LA PRODUZIONE La maturazione avviene nel periodo compreso tra la fine della primavera ed il mese di ottobre. Per salvaguardare la conservazione della specie, il raccolto deve essere obbligatoriamente effettuato senza utilizzare alcun tipo di rastrello, uncino o attrezzo che possa rischiare di danneggiare lo strato umifero del terreno, il micelio fungino o l'apparato radicale della vegetazione. Una volta raccolti, i porcini devono essere risposti e trasportati all'interno di contenitori che favoriscano la diffusione delle spore, come i cesti di vimini.

LA CULTURA Per promuovere la diffusione e la commercializzazione del Porcino del Vulcano di Roccamonfina anche all'interno del territorio di produzione, l'associazione Montecaruso, la stessa che è riuscita ad ottenere l'iscrizione all'elenco PAT, ormai da dodici anni organizza la Sagra della Castagna e del Fungo Porcino che valorizza le due eccellenze locali utilizzando come cornice il magnifico borgo di Spicciano di Galluccio. Durante la rassegna è possibile acquistare i prodotti presso gli stand gastronomici e partecipare a degustazioni e seminari micologici e naturalistici con relativa mostra.

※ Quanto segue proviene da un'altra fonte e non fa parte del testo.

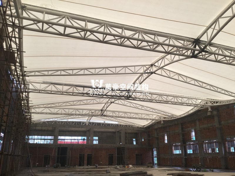 橫店影視城夢(mèng)幻谷海豚館膜結(jié)構(gòu)工程順利完工,工程完工后達(dá)到了設(shè)計(jì)要求,工程完成后的效果得到業(yè)主及領(lǐng)導(dǎo)的一致好評(píng)。本膜結(jié)構(gòu)工程寬94米,長(zhǎng)61.5米,高21.3米,面積4163平方米。本工程采用藍(lán)色膜布,和海豚館的環(huán)境想配合能達(dá)到更好的效果。同時(shí)公司在嘉善三小體育館工程也大部分完工,本工程長(zhǎng)50.68米,寬25.7米,高15米,面積1400平方米。
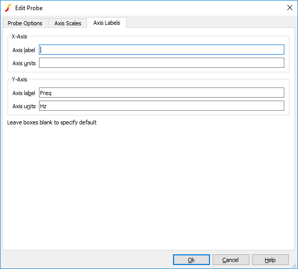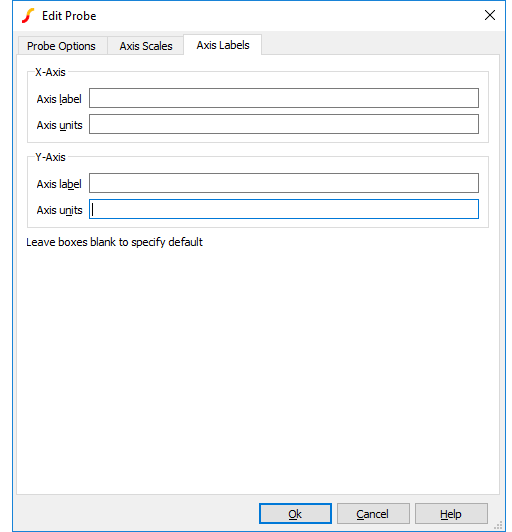 This sheet has four edit boxes allowing you to specify, x and y axis labels as well as their units. If any box is left blank, a default value will be used or will remain unchanged if the axis already has a defined label.
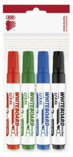 Tábla- és flipchart marker készlet, 1-4 mm, vágott, ICO Plan 12 XXL, 4 különböző szín (TICPL12XV4) Fehér táblára való írásra, rajzolásra alkalmas marker. "Cap-off" festékkel töltve, ezért néhány napig kupak nélkül sem szárad be. Az írás szárazon letörölhető. Megnövelt élettartam a nagyobb méretű testnek köszönhetően. Vágott csúccsal, 4 alapszínben. Vonalvast
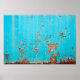Affiche Mur en métal peint bleu rouillé. Texte photo détai
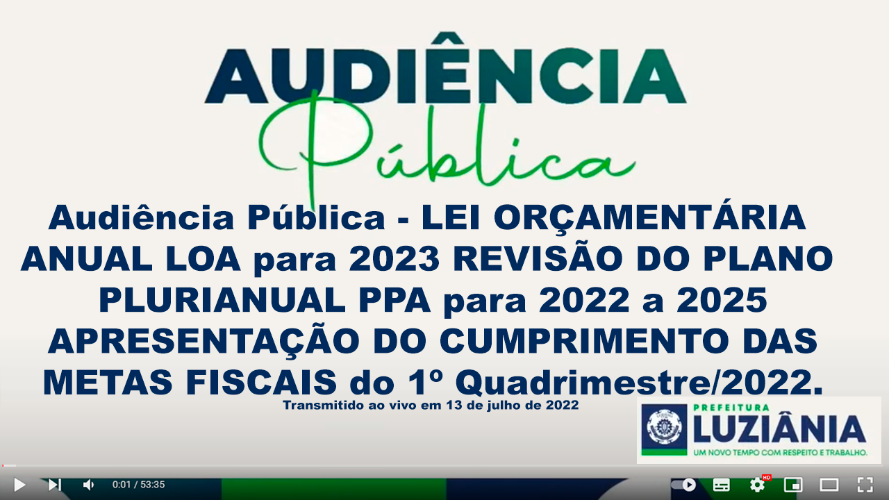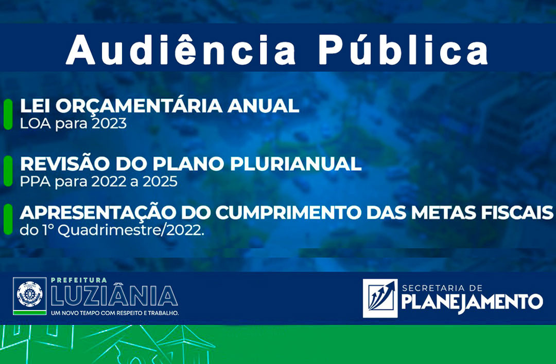 A Prefeitura Municipal de Luziânia, por meio da Secretaria de Planejamento, realizou nessa última quarta-feira(13), uma audiência pública apresentando a Lei Orçamentária Anual (LOA), para o exercício de 2023 com a revisão do plano plurianual do PPA para 2022-2025 e o cumprimento das metas fiscais do 1º quadrimestre/2022.
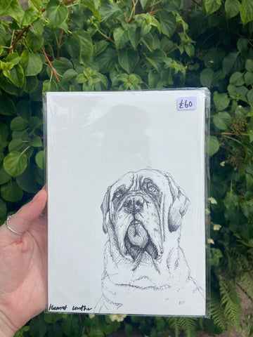 Mastiff is an original drawing, so there is only one! There may be a blemish or a colour test, a smudge or a drop of paint on the paper, creases or cat prints, which is the charm of owning something original. I have tried to photograph these as best as I can.
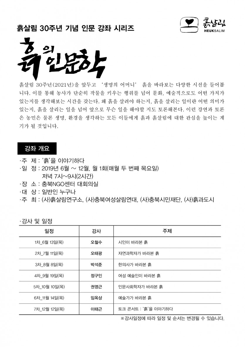 이번 흙의 인문학 강좌는 2021년 30주년을 맞는 흙살림이 이를 기념하기 위해 기획한 것으로, ‘흙과 생명과 환경을 살린다’는 창립의 뜻을 많은 사람들과 함께 나누는 자리가 되기를 희망하고 있다. 이번 강좌는 흙살림을 비롯해 (사)충북여성살림연대, (사)충북시민연대, (사)흙과 도시가 공동 주최한다.

IN CUCINA I Porcini del Vulcano di Roccamonfina vengono generalmente commercializzati freschi, essiccati oppure sott'olio a seconda dell'uso che si intende farne. Quelli freschi, prima di essere utilizzati per la preparazione di numerosi piatti saporiti, devono essere puliti con uno spazzolino. Quelli essiccati si adattano alla realizzazione di molte ricette e vengono ottenuti essiccando il prodotto al sole o con appositi essiccatoi, quelli sott'olio, infine, richiedono una procedura di preparazione leggermente più elaborata che consiste in un lavaggio preliminare per eliminare ogni impurità o residuo, e nelle successive fasi di eventuale taglio, cottura in acqua, aceto e sale e conservazione sott'olio all'interno di vasetti.

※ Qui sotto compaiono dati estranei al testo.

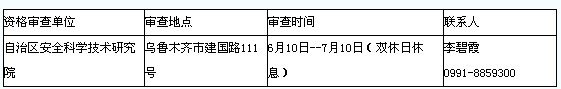 3、初考考生資格審查及繳費(fèi)辦法。初考考生需進(jìn)行資格審查,辦理現(xiàn)場(chǎng)繳費(fèi)手續(xù),考生可登錄中國(guó)安全生產(chǎn)科學(xué)院網(wǎng)站查閱報(bào)考條件:http://www.chinasafety.ac.cn/depnews.aspx?nid=1363。各地州、市初考考生攜帶《考試報(bào)名表》及畢業(yè)證書、學(xué)位證書、從事安全生產(chǎn)工作年限的證明、身份證(免試人員還需提交專業(yè)技術(shù)高級(jí)資格證書和專業(yè)技術(shù)職務(wù)聘任證書)到所在地、州、市安全生產(chǎn)監(jiān)督管理部門進(jìn)行資格審查。烏市的初考考生資格審查時(shí)間地點(diǎn)如下:
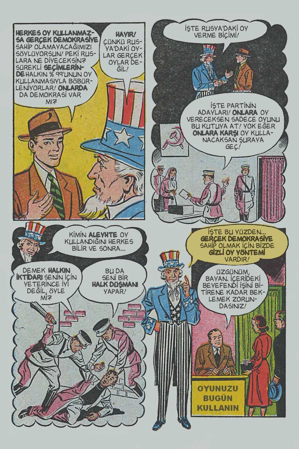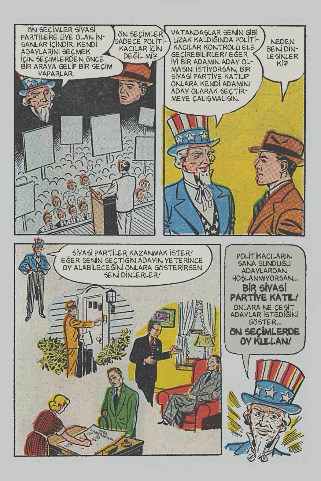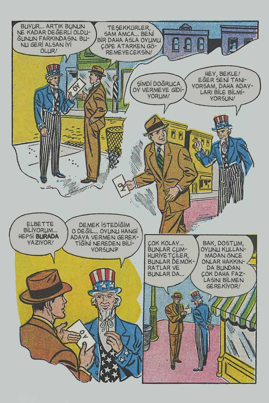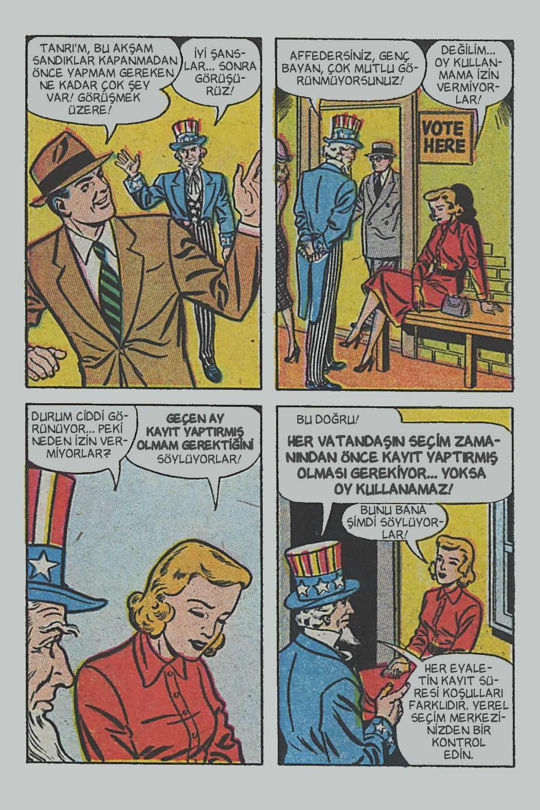 Çizgi öyküde genel hatlarıyla seçimin, seçmenlerin ve
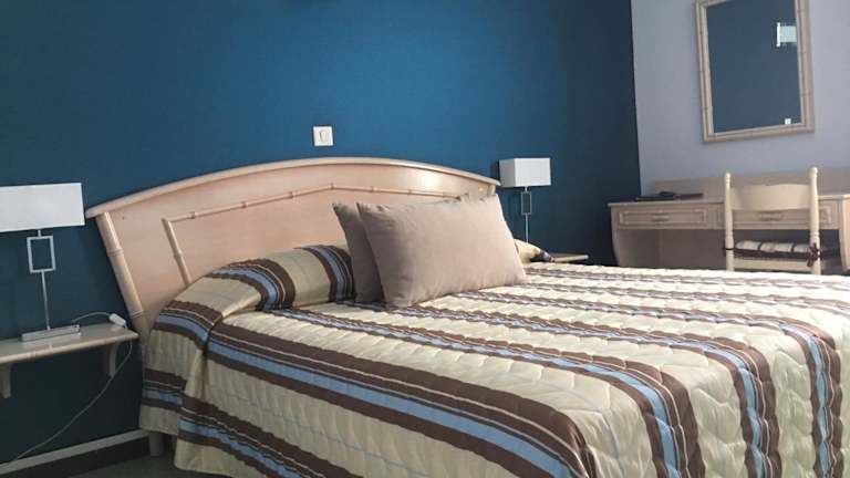 Das Hotel de la Plage Santa Vittoria befindet sich in einer ruhigen Lage zwischen dem Meer und den Bergen in Korsika, was eine entspannte Atmosphäre bietet.
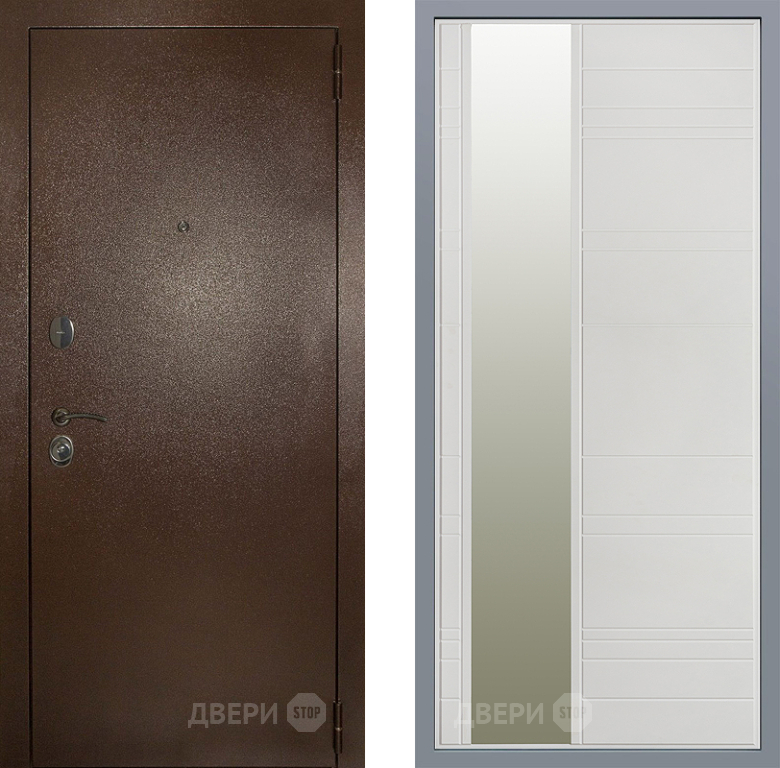 Входная Дверь Заводские двери Эталон 3к антик медь Зеркало Лира Белый софт 860x2050 мм

La ricetta: Fettuccine alla crema di funghi porcini. Ingredienti: 400 grammi di fettuccine, 80 grammi di funghi porcini essiccati, 250 millilitri di panna da cucina, un bicchiere di vino bianco, aglio, prezzemolo, olio extravergine di oliva, sale, peperoncino. Fate rinvenire i porcini in acqua per circa 20 minuti, nel frattempo rosolate in una padella l'aglio ed il prezzemolo tritati finemente con poco olio. Scolate i funghi, strizzateli delicatamente e, se necessario, tagliateli in piccoli pezzi. Aggiungeteli all'aglio e al prezzemolo e fateli cuocere sfumandoli con del vino bianco aggiustando di sale e insaporendo con del peperoncino se desiderate conferire al piatto una nota lievemente piccante. Lasciate da parte poco meno della metà dei funghi cotti e frullate il resto con la panna da cucina mentre avrete messo sul fuoco l'acqua della pasta. Una volta cotte, scolate le fettuccine e conditele con la crema di funghi guarnendo il piatto con i porcini non frullati. Per arricchire ulteriormente il piatto potete aggiungere alla crema dei pezzi di salsiccia oppure dei cubetti di speck o pancetta.

IL TERRITORIO Oltre che di sapori e di eccellenze gastronomiche, la zona del Vulcano di Roccamonfina, immersa nel Parco Regionale Roccamonfina Foce del Garigliano, è anche una terra di bellezze storiche e paesaggistiche da esplorare a piedi oppure in sella ad una mountain bike. Tra castagni secolari e verdi valloni si incastonano siti ricchi di fascino come il Santuario della Madonna dei Lattani che dal monte di cui porta il nome veglia sulla conca della caldera sin dal XV secolo. Da non perdere, muovendosi verso oriente alla volta dei valloni che scendono sino alla piana del Volturno, le cosiddette Ciampate del Diavolo, le serie di orme umane più numerose al mondo e più antiche d'Europa, impresse sul suolo vulcanico da circa 350.000 anni e appartenenti, con ogni probabilità, all'Homo Heidelbergensis. Da non perdere, infine, le caratteristiche nevere, antichi locali nei quali si ricavava il ghiaccio dalla neve, i numerosi mulini ad acqua, utilizzati per macinare il grano ed ottenere una farina con la quale si preparava un particolare pane scuro, e le affascinanti mura megalitiche che si ergono su una delle sommità del recinto calderico, su Monte la Frascara e sul punto più alto del domo vulcanico centrale su Monte Santa Croce, probabilmente edificate dai Sanniti o dagli Aurunci.